A friend of a friend of mine with whom I've had this conversation recently said this was a rather biased and bigoted way of thinking. But in my opinion, this is personal choice. Bigotry would be if I had forced my religion and my way of life on anyone else, take it or leave it. But needing to find someone with values in alignment to mine is simply personal choice, in my opinion. Why waste my time with someone with whom I cannot agree on the simple things?

That said though, the needs of the Roman Catholic faith to necessarily marry and bring up children in the faith inherently strikes me as being rather restrictive in a case like this. In my cousin's perspective, he faces a moral dilemma - if you marry someone else with the same requirement, but of different faith, your children become a perpetually spinning cat in a vacuum with a buttered toast on its back. Is personal choice necessarily even an option anymore?

I'd truly love to see how he's going to solve this one. I know that I'd have no answers and no points of compromise of this one. I've given up far more in terms of relationships for far less than this dilemma.

Social Norms

One thing that I know I'd definitely be blessed to give my kids is a sense of open wisdom when it comes to social norms and structure.

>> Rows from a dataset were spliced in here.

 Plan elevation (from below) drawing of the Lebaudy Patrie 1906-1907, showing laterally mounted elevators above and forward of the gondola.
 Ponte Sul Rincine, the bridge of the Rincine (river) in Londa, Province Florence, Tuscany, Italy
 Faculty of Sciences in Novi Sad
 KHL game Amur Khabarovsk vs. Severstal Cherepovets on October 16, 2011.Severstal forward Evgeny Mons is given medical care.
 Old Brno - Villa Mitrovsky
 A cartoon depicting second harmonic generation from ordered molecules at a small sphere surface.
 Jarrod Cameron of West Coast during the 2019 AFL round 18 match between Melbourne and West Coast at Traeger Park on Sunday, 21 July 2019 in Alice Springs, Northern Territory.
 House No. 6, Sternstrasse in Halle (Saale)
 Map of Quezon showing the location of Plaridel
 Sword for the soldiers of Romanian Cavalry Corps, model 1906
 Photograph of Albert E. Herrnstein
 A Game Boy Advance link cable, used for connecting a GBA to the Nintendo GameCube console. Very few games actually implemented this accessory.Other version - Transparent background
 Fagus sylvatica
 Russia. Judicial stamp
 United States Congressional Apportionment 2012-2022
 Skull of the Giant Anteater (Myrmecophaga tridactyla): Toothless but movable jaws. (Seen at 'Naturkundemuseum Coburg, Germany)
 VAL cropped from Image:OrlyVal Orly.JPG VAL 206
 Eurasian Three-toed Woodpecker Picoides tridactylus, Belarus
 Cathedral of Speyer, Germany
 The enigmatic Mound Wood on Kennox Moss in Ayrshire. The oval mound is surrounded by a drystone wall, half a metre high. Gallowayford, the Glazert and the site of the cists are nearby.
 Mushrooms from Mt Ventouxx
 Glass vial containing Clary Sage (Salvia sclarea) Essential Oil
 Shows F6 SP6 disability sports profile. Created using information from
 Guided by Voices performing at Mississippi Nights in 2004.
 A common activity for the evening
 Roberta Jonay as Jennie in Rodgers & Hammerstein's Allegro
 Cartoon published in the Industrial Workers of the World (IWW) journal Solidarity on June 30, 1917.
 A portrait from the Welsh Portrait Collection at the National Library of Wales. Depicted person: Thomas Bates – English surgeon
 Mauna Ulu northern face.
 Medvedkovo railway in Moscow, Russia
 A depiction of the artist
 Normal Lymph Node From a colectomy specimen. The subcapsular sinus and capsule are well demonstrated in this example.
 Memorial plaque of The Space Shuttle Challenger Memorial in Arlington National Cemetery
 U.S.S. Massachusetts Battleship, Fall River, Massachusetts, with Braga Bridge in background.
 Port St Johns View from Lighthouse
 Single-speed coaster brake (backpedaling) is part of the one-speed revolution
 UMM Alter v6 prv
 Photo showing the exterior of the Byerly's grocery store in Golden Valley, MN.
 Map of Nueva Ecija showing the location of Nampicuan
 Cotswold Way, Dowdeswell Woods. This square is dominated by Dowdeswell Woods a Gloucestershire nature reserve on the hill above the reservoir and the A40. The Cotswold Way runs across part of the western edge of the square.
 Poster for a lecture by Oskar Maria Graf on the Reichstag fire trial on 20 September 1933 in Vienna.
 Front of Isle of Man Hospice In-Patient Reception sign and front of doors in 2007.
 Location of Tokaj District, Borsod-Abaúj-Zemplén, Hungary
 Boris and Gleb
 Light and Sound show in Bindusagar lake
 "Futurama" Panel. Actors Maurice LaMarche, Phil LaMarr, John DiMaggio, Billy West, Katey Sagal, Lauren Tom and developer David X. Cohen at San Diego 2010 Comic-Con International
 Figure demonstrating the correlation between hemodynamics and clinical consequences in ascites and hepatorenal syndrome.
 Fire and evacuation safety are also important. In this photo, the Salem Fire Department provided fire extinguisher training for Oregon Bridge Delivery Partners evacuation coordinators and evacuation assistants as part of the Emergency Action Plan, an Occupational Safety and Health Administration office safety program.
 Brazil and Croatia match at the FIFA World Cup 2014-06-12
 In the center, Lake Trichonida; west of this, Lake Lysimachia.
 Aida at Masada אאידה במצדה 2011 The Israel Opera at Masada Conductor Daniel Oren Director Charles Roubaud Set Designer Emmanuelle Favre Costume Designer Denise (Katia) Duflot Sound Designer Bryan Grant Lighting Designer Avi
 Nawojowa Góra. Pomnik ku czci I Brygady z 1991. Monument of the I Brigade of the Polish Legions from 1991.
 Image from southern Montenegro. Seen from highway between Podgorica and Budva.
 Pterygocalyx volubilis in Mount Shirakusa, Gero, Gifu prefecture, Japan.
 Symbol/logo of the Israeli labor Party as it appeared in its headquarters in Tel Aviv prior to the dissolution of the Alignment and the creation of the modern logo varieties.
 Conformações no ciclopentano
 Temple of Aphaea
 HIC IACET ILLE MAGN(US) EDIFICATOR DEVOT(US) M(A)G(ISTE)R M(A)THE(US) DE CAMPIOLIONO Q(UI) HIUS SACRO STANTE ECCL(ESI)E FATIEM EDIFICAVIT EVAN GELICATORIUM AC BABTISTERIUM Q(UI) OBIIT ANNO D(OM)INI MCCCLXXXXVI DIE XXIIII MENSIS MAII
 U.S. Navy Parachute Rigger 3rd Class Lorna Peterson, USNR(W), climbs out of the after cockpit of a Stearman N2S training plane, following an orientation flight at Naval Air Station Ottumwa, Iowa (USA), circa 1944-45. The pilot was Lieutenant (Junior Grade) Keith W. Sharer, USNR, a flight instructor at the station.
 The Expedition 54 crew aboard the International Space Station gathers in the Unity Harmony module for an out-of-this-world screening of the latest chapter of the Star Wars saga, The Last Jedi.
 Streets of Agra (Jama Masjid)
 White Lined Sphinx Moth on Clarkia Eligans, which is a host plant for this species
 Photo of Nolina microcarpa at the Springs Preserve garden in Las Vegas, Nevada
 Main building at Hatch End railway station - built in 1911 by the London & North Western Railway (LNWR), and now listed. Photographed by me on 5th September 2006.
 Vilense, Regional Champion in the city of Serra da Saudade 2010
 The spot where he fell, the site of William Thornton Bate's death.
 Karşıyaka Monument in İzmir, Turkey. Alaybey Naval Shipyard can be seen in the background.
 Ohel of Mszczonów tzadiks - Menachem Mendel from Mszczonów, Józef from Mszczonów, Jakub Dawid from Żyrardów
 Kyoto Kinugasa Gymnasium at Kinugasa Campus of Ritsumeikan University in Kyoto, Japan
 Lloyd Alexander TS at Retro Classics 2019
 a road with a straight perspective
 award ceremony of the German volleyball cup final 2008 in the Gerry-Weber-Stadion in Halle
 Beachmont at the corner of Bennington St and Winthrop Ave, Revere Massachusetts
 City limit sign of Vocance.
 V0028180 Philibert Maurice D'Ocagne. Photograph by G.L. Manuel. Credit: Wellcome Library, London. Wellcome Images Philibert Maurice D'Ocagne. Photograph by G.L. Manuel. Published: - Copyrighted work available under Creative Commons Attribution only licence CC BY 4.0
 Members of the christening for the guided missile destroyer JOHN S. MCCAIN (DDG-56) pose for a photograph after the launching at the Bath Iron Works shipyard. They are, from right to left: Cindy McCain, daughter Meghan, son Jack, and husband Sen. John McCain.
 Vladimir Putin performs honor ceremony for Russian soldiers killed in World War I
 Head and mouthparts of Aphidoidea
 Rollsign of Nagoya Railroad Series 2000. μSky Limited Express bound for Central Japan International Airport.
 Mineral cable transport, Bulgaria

I sincerely believe that in the next 10 years, the confines of race, caste, ethnicity, religion, gender and geographies will dissolve and begin to disappear.

I'm living for and dreaming of a world and a society where people are people - global citizens and an encapsulation only of the ideas and dreams that they have, where their minds and speeches become the only currency by which relationships and unions are formed. Where we can see that what we believe in is more similar than different, and recognize that the end of the day, we are standing, perhaps on two sides of the fence, but at least on the same playing field.

Perhaps this is a distant dream. But it is one that has become embroiled with my life the way I live it, in such a way that the lack of its existence is the lack of the fullness of my life in its entirety.